OP-Slack Notification
OpenProject ↔ Slack integration built entirely via multi-AI Vibe Coding
Background
Integration service bridging OpenProject work package events to Slack channel notifications. Built entirely through AI-assisted development (Cursor, Claude Code, Codex) with zero hand-written code as an experiment in vibe coding workflows.
Architecture
OpenProject webhook → Gin HTTP handler → event parser (work package created/updated) → Slack API (Block Kit message) → target channel. Deployed via GitLab CI/CD → Docker multi-stage build (scratch base) → ECR → SSH deploy.
Key Implementations
Webhook Event Processing
Receives OpenProject webhook payloads, parses work package events, and transforms them into structured Slack Block Kit messages.

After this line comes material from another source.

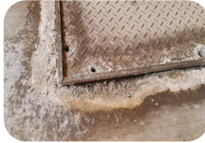
CORROSION - REHAB

Why: Direct webhook-to-Slack transformation eliminates polling and delivers project updates to teams within seconds.
Multi-Stage Docker Build with Scratch Base
Compiles the Go binary in a build stage and copies only the static binary into a scratch-based final image.
Why: Scratch-based images contain no OS, shell, or package manager, minimizing attack surface and reducing image size to just the compiled binary.
Full Vibe Coding Delivery
Entire service was built using a multi-AI workflow: Cursor for scaffolding, Claude Code for implementation, and Codex for review.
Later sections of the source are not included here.